## Work order
What you should give back is every line from the one containing "월 4,900원의 네이버플러스 멤버십 이용권이 매달 무료로 제공됩니다." through the last line of the records below, word for word and without pictures.

## Data shown
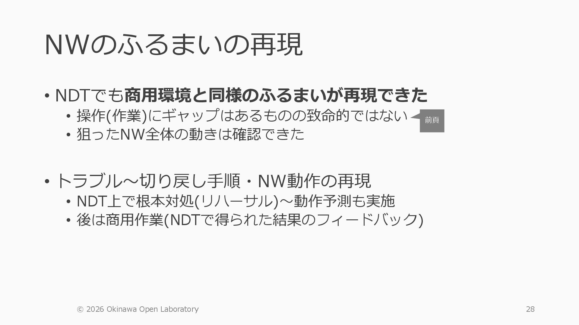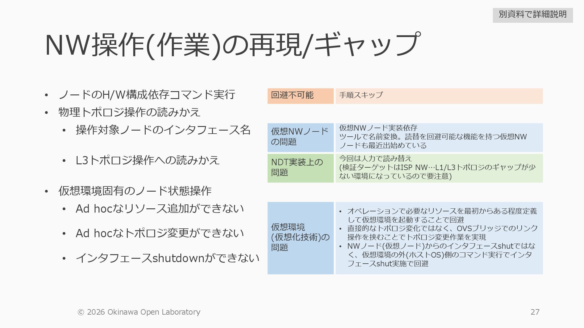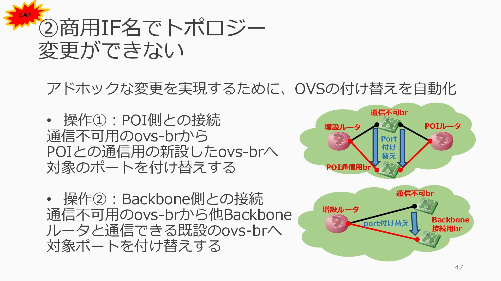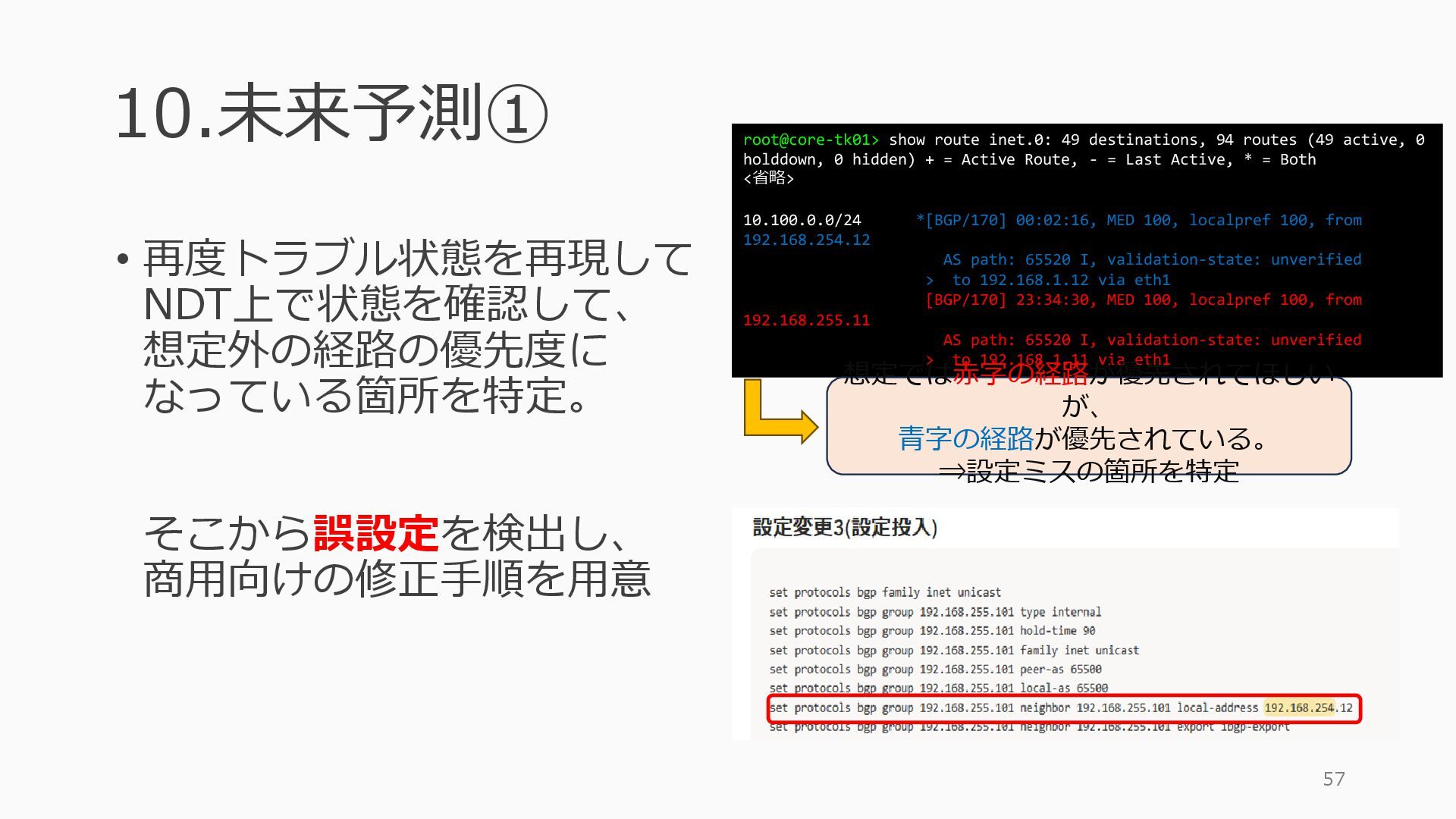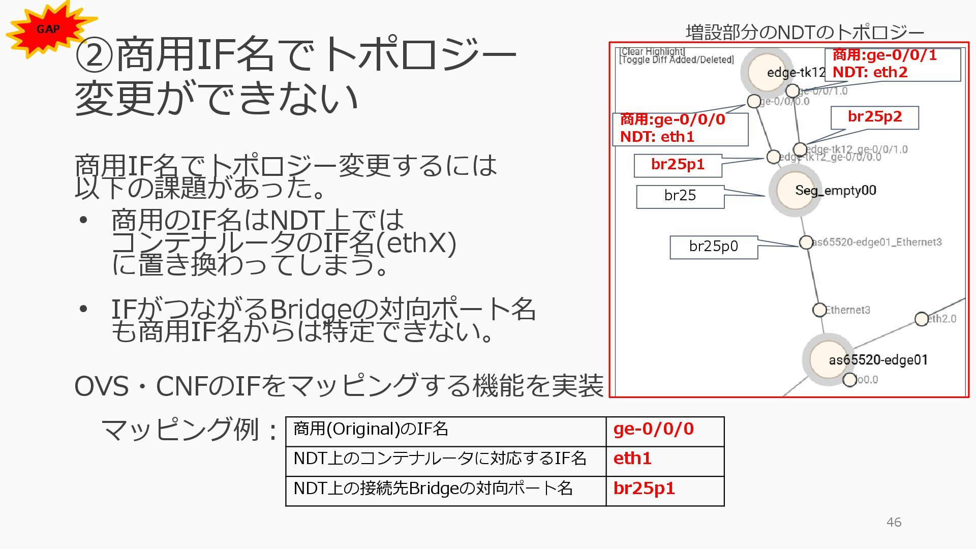 1 =============================================== Port Admin Link Port Cfg Oper LAG/ Port Port Port C/QS/S/XFP/ Id State State MTU MTU Bndl Mode Encp Type MDIMDX ------------------------------------------------------------------------------- 1/1/c1 Down Down conn 100GBASE-LR4* <省略> 1/1/c12 Up Link Up conn 100GBASE-LR4* 1/1/c12/1 Up Yes Up 8704 8704 - netw null cgige <省略> 1/1/c21 Up Link Up conn 100GBASE-LR4* 1/1/c21/1 Up Yes Up 8704 8704 - netw null cgige A:admin@edge-tk12-a# show card 1 memory-pools ================================================ Card 1 Memory Pools ================================================ Name Max Allowed Current Size Max So Far In Use ------------------------------------------------------------------------------- IOM No limit 2,159,706,112 2,161,803,264 2,144,510,160 <省略> A:admin@edge-tk12-a# show card a memory-pools ================================================= Card a Memory Pools ================================================= Name Max Allowed Current Size Max So Far In Use ------------------------------------------------------------------------------- BFD No limit 9,444,656 9,444,656 8,318,528 BGP No limit 6,291,504 6,291,504 5,015,536 l3_preallocated_resources: - type: node name: as65520-edge01 asn: 65520 interfaces: - Ethernet3 - type: node name: edge-tk12 interfaces: - 1/1/c12/1 - 1/1/c21/1 emulated_params: license: ./sros_license.txt image: localhost/nokia/srsim:25.7.R1 kind: nokia_srsim type: SR-2s components: - slot: A - slot: 1 type: xcm-2s sfm: sfm-2s env: NOKIA_SROS_CARD: xcm-2s NOKIA_SROS_MDA_1: s36-100gb-qsfp28 増設リソース にSR-SIMを指 定して 利用できる よりGAPの少 ない操作が可 能に
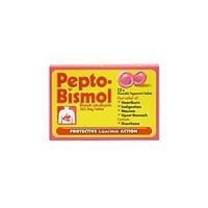 Pepto-Bismol Chewable Tablets contain 262mg of Bismuth Subsalcylate when ingested help to releive symptoms of nausea, heartburn, indegestion, stomach upset and diarrhea.
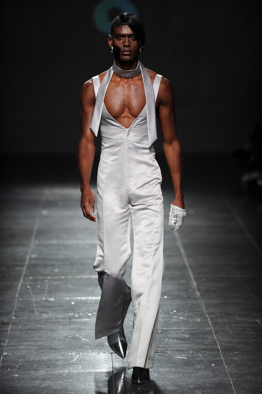 Unveiling Identity. Nym Promprasert fuses the elegance of couture with a touch of late 1990s grunge, transforming men’s clothing, particularly tailored jackets. These jackets are artfully manipulated, wrapped, twisted, and draped to reconfigure the wearer’s proportions. Transparent materials, such as silk chiffon or stretchy shiny fabrics, are thoughtfully incorporated to accentuate and reveal the wearer’s silhouette. This transparent aspect reinforces the concept of self-confidence and self-acceptance. In a harmonious fusion of femininity and masculinity, elements typically found in women’s fashion, including corsets, hook-and-eye closures, and boning, are effortlessly integrated into masculine garments.
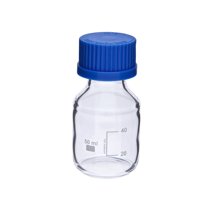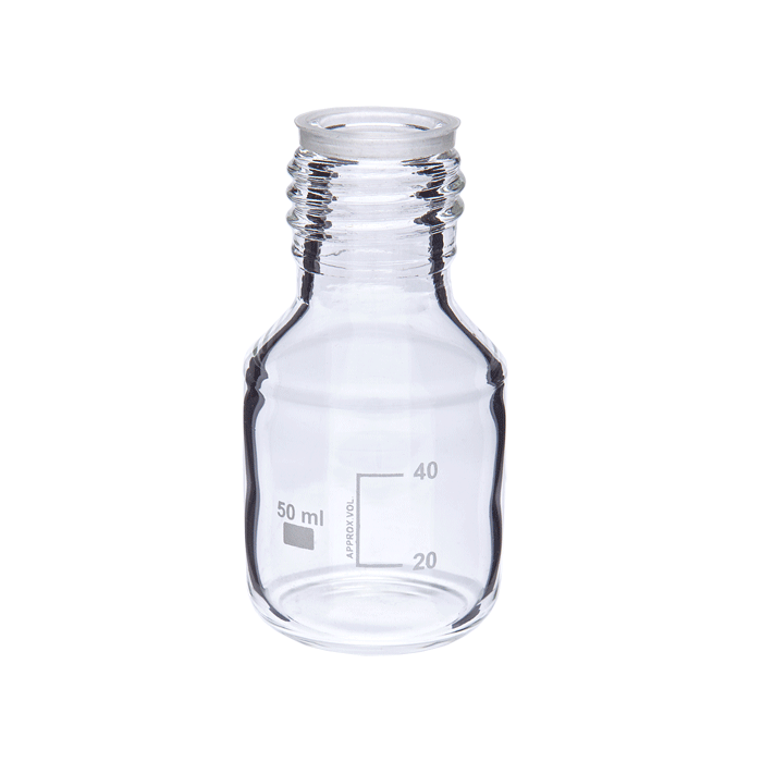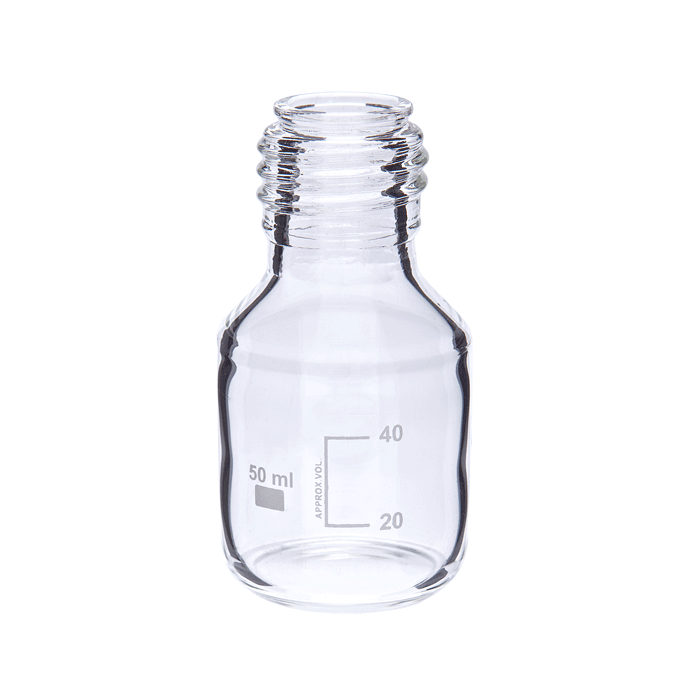 These Clear, Borosilicate Glass Bottles have a 50ml "Total Fill Capacity" and are perfect as HPLC Mobile Phase Storage Bottles. The small openings and Enamel Graduations and Marking Patches makes them a convenient way to store concentrated Mobile Phase or its Ingredients.
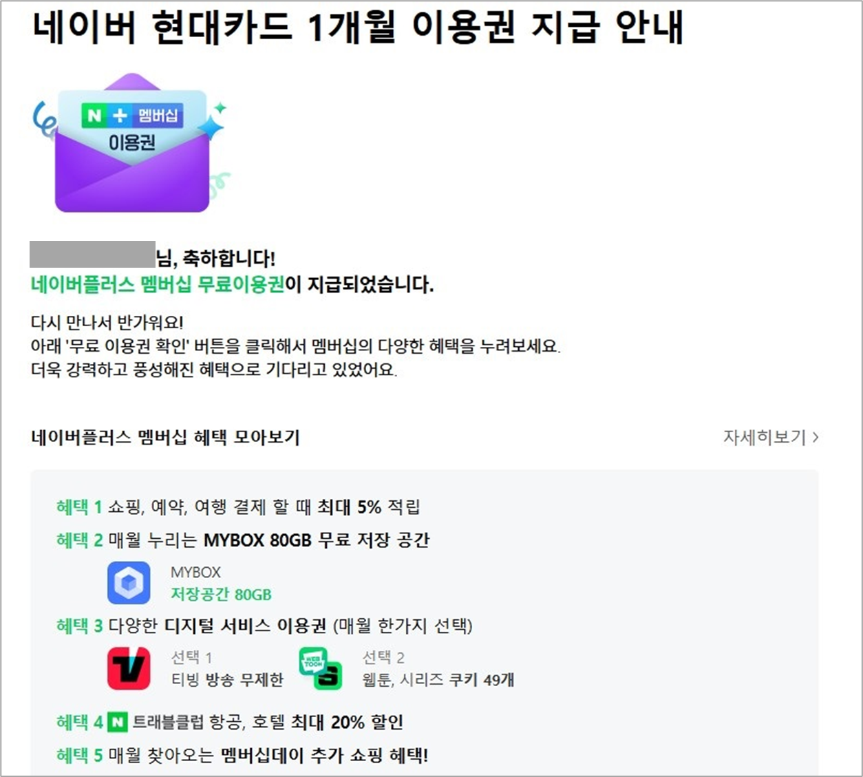 월 4,900원의 네이버플러스 멤버십 이용권이 매달 무료로 제공됩니다.
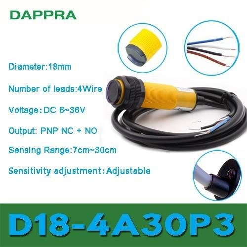 D18-4A30P3 M18 30CM DC 4Wire PNP NC NO Photoelectric Sensor OA16
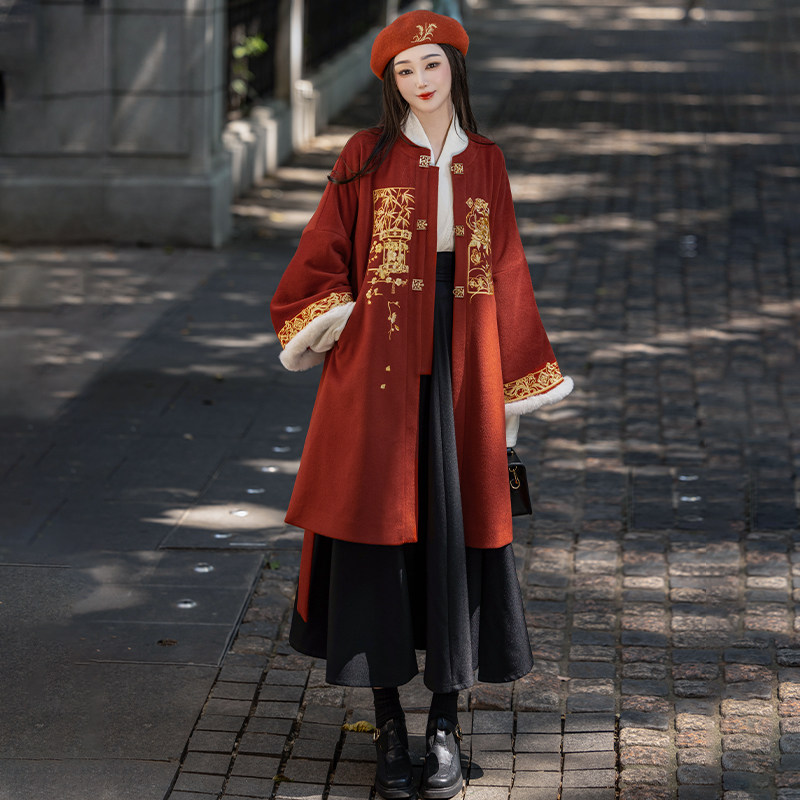 绣花大衣君子秋冬外套

## Output for this task
 월 4,900원의 네이버플러스 멤버십 이용권이 매달 무료로 제공됩니다.
 D18-4A30P3 M18 30CM DC 4Wire PNP NC NO Photoelectric Sensor OA16
 绣花大衣君子秋冬外套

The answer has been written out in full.